Man, research on fish is just so hard. Its way different than getting information about Hitler or dogs. Just as I feared, all those months of hard work accumulating bullcrap information on the internet got flushed down as soon as I talked to people who see through that bullcrap. There's just so much conflicting information about fish on the internet. I'm not sad because I found out almost everything about fish on the internet is bs, because I actually already knew that. I knew realistically, those feeding time videos on YouTube featuring a tiny glass box containing an arowana, oscar, Jaguar, red tailed catfish, knife fish, turtles, stingrays, an arapaima and a goddamn partridge in a pear tree would be a disaster in the long run. But it just looked so damn cool, and there was just an itching thought in my head that was like "maybe he had a really good filter" or "maybe there's a secret method to raise fish so they won't be aggressive" and especially "maybe those fish aren't actually aggressive in the first place, and those stories of oscars ripping up their tankmates were just popular LIES that everyone regurgitates over and over like it's gospel, despite never having owned one"

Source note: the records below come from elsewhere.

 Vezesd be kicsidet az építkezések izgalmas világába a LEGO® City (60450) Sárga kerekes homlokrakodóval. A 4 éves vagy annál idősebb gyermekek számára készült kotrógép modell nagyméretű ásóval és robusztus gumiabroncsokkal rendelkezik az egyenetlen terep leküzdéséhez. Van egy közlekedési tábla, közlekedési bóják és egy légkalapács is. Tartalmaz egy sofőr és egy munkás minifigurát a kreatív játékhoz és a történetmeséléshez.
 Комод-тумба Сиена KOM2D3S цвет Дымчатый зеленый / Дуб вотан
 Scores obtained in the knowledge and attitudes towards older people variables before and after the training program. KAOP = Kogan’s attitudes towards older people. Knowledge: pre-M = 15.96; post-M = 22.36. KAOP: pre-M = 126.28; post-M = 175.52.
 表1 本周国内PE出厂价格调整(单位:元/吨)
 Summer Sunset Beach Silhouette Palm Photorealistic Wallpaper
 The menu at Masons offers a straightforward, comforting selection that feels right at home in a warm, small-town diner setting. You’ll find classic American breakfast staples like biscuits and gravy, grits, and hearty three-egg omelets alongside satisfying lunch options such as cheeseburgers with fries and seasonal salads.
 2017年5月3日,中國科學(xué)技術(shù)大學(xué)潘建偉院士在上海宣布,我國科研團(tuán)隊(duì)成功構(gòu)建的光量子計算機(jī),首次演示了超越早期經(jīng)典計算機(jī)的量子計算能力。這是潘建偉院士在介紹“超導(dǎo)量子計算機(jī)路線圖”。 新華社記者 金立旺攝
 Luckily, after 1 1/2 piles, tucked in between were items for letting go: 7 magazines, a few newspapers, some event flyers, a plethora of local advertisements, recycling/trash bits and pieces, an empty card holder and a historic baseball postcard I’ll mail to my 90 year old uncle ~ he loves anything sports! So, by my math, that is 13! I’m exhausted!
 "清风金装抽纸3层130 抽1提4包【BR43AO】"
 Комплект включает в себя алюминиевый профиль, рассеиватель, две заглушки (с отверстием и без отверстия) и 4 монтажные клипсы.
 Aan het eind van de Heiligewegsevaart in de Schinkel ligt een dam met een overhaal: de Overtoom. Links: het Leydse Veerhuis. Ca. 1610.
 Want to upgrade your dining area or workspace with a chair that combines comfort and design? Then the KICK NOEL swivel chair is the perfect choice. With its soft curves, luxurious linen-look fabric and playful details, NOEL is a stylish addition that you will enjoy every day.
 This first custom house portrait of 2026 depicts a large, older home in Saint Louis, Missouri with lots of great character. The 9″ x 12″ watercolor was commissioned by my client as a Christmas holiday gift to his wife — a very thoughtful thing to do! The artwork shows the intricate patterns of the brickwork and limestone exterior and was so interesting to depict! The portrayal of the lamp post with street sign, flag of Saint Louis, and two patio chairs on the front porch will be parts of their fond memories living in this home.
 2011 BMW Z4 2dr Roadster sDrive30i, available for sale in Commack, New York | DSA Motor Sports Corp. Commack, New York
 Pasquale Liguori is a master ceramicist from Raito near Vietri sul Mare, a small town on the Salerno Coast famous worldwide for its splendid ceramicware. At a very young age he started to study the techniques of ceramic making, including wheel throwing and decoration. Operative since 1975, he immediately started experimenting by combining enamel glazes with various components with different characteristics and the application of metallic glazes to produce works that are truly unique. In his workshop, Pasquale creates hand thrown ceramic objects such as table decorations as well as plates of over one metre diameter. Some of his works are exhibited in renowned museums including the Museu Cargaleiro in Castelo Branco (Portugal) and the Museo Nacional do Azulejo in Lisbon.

I mean, c'mon, how do you know what's right or wrong when you cant trust any of your sources? Okay, so i still knew deep down I was just trying to make myself believe what I wanted to be true so I can justify having an awesome tiny glass box with monster fish just like those people on YouTube and not feel like an ass. I guess today my attempts to convince myself was actually starting to work, because it got to a point i was confident enough to tell you guys what I wanted to do. Damn, I got snapped back into reality fast. On top of that you guys debunked other things that i genuinely believed.
I'm not sad that what I knew was bullcrap, turned out to be...well, bullcrap. I'm also not sad that I wrong on the things I actually thought was true.
What I'm sad about is that what I've feared has been confirmed: to get any good information on fish I'll have to talk to people who've had experience raising these fish, which means I have to talk to you smug ****s who get off on correcting others.
Goddamn, I wish fish research was as easy as researching Hitler.